A distância diária caiu 21% nos camundongos High Runner e não voltou ao normal durante os 12 dias subsequentes. Nos ratos de controle, por outro lado, nada pareceu mudar. Nenhum dos grupos mostrou qualquer evidência de estar doente: seu peso e consumo de alimentos não foram afetados. Isso sugere que alguma parte nos camundongos High Runner foi afetada por antibióticos.

Uma possibilidade é que este seja um efeito do eixo intestino-músculo. Os camundongos High Runner têm algum tipo de vantagem microbiana – algo como o micróbio comedor de lactato dos maratonistas de Boston – o que torna a corrida fisicamente mais fácil para eles, e é por isso que correm tanto. Tire essa vantagem, e correr não é tão divertido, então eles fazem menos isso.

Outra possibilidade é que seja o eixo intestino-cérebro em ação. McNamara cita algumas pesquisas anteriores, mostrando que o microbioma intestinal pode influenciar a motivação e os circuitos de recompensa no cérebro: os antibióticos afetam a forma como certos aminoácidos são absorvidos no intestino para a corrente sanguínea, e que após viajam para o cérebro, onde são transformados em substâncias químicas cerebrais como a dopamina e a serotonina.

O experimento de McNamara não consegue distinguir entre essas duas possibilidades, mas de qualquer forma a motivação para o exercício parece ter sido afetada.

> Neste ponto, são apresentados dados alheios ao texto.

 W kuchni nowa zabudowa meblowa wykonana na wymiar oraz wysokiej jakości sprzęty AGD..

O segundo estudo, liderado por Noah Hutchinson e Jeffrey Woods da Universidade de Illinois em Urbana-Champaign e publicado na revista Medicine & Science in Sports & Exercise, possui algumas semelhanças. Eles compararam camundongos normais de laboratório, com e sem antibióticos de amplo espectro, além de um grupo de camundongos “livres de germes”, que foram especialmente criados desde o nascimento para não terem microbioma.

Nesse caso, os pesquisadores estavam interessados em como os antibióticos afetaram as adaptações ao treinamento. Após seis semanas de corrida voluntária nas rodas de exercício, os camundongos sem antibióticos e sem germes ganhariam tanto condicionamento quanto o grupo de controle? A hipótese é não. Mais uma vez, a corrida voluntária na roda de exercício foi reduzida para 22% no grupo antibiótico e 26% no grupo livre de germes.

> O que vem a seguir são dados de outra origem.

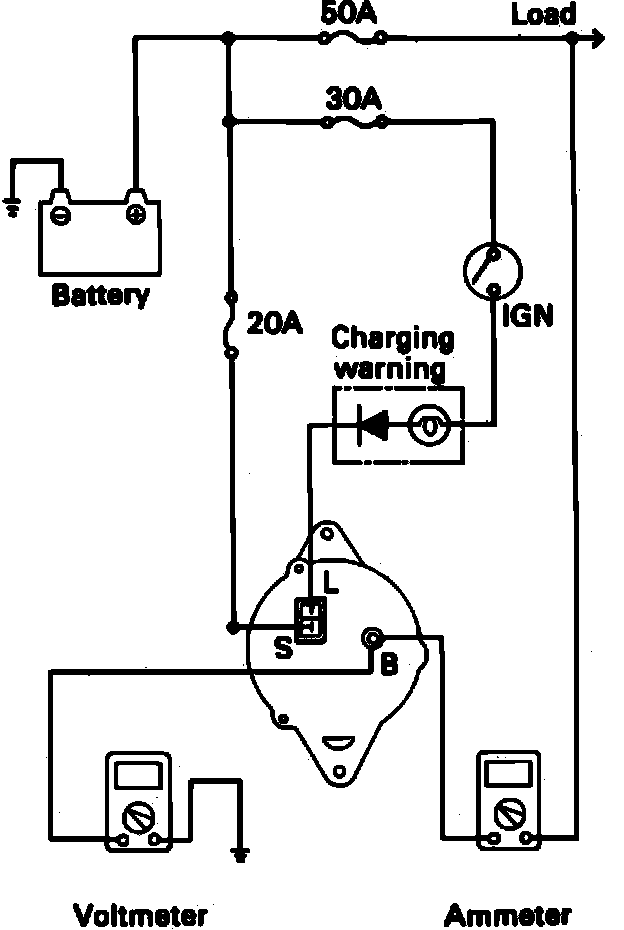 b. Connect a digital voltmeter between alternator ``B'' terminal and ground. Connect the positive lead wire of the voltmeter to the alternator ``B'' terminal and the negative lead wire to ground Fig. 3.

Mas a resposta a esse treinamento traz uma história um pouco diferente. Em um teste de esteira até a exaustão, os camundongos com antibióticos melhoraram de maneira semelhante aos camundongos sem antibióticos (sua melhora foi um pouco menor, mas a diferença não foi estatisticamente significativa e seria esperada de qualquer maneira, pois eles optaram por correr menos durante o período de treinamento). Além disso, testes de expressão gênica e propriedades musculares também descobriram que o grupo de antibióticos se saiu tão bem quanto.

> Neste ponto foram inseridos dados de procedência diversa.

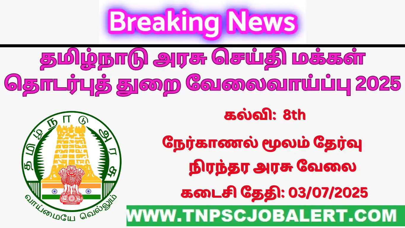 TN Public Relations Dept Job Recruitment 2025 official notification available on (21/06/2025 )

Os camundongos livres de germes, por outro lado, não melhoraram tanto após o período de treinamento. Como o grupo de antibióticos não foi afetado pela falta de microbioma, isso sugere que os camundongos livres de germes tinham algum tipo de déficit de desenvolvimento pré-existente, graças ao crescimento sem um microbioma que comprometia sua capacidade de responder ao treinamento.

A conclusão prática, de acordo com Hutchinson e seus coautores, é que, se você precisar tomar antibióticos antes de uma competição importante, é improvável que isso afete suas adaptações ao treinamento ou seu desempenho. Acho que é uma posição razoável e tranquilizadora, tendo em conta todas as incertezas inerentes à aplicação destes estudos com camundongos.

Mas é a aparente mudança na motivação para o exercício que realmente me intriga. Existe algo que ajuda a explicar quem entre nós acabaria como os High Runners? Se sim, podemos mudar isso?

Garland, em um comunicado de imprensa da UC, sugere essa possibilidade. Mas seu conselho, por enquanto, está devidamente fundamentado na realidade atual. Se você quer um microbioma saudável, ele sugere, você deve manter uma dieta equilibrada e se exercitar regularmente.